Take Kerry, for example. Kerry, a self-employed artist that earns roughly $80,000 a year, was wise enough to create an emergency fund. But thanks to a major home repair that wound up being quite costly, her emergency fund is down to $1,000.

Having experienced the benefit of emergency savings first hand, Kerry knows she needs to rebuild her savings before another potential bump in the road puts her in debt. With this in mind, Kerry is left wondering if she should pause her retirement contributions to rebuild the emergency fund.

To figure out what’s best for Kerry, let’s get into the numbers.

First things first, pausing contributions to your retirement savings is generally a bad idea for most people. Many Americans with 401(k) accounts get a match from their employer, and this is free money that offers a guaranteed return on your investment.

Since Kerry is self-employed, she doesn’t get that matching contribution, so she wouldn’t be giving up as much if she were to pause retirement contributions for a while.
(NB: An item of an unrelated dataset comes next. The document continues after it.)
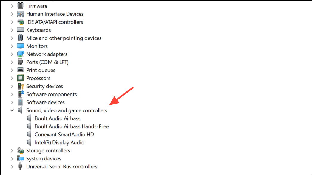 Step 2: Expand Sound, video and game controllers. If your audio device is missing, look for any unknown devices or items with a yellow exclamation mark.

She would, however, be losing out on the tax breaks that she would receive from contributing to her retirement accounts, as well as the compound interest that the invested money would earn.

Pausing her retirement contributions, even for a short period, could make a significant difference in Kerry’s retirement nest egg.

At the same time, since she’s self-employed and may face a greater risk of financial problems without emergency savings, there’s a solid argument to be made that Kerry should pause her retirement contributions while she shores up her emergency fund. Otherwise, she could risk going deep into debt if she doesn’t have the funding to take care of another major emergency expense.

So, what should Kerry do? One option is for Kerry to temporarily pause retirement contributions and save up for a mini-emergency fund, then begin splitting her extra money between retirement investments and emergency savings until the latter fund is back to where it should be.